▶ _Supplied material_
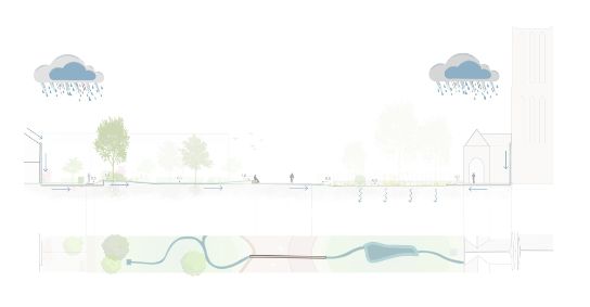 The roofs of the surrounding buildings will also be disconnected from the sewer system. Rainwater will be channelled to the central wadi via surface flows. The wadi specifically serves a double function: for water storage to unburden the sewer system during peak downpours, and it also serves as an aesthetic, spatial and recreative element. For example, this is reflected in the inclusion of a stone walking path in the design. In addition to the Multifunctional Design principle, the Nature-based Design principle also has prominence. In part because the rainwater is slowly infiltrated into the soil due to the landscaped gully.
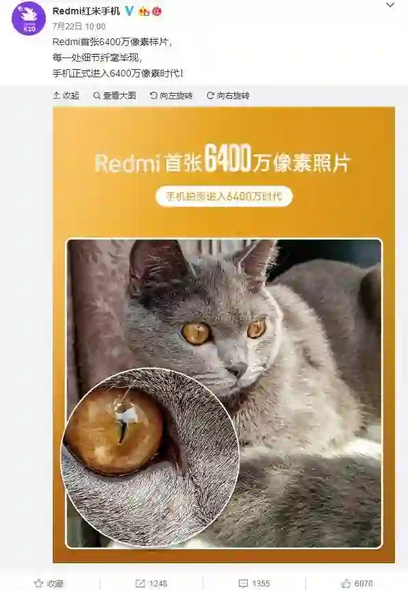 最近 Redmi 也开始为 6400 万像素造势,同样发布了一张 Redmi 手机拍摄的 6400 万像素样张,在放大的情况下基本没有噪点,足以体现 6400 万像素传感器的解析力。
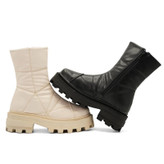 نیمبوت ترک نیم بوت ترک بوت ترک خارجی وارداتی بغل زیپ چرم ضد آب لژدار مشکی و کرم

▶ _Action item_
The response should hold only an exact retyping of the lines from the beginning of the data through the line containing "最近 Redmi 也开始为", both ends kept, pictures omitted.

▶ _Response for this exercise_
 The roofs of the surrounding buildings will also be disconnected from the sewer system. Rainwater will be channelled to the central wadi via surface flows. The wadi specifically serves a double function: for water storage to unburden the sewer system during peak downpours, and it also serves as an aesthetic, spatial and recreative element. For example, this is reflected in the inclusion of a stone walking path in the design. In addition to the Multifunctional Design principle, the Nature-based Design principle also has prominence. In part because the rainwater is slowly infiltrated into the soil due to the landscaped gully.
 最近 Redmi 也开始为 6400 万像素造势,同样发布了一张 Redmi 手机拍摄的 6400 万像素样张,在放大的情况下基本没有噪点,足以体现 6400 万像素传感器的解析力。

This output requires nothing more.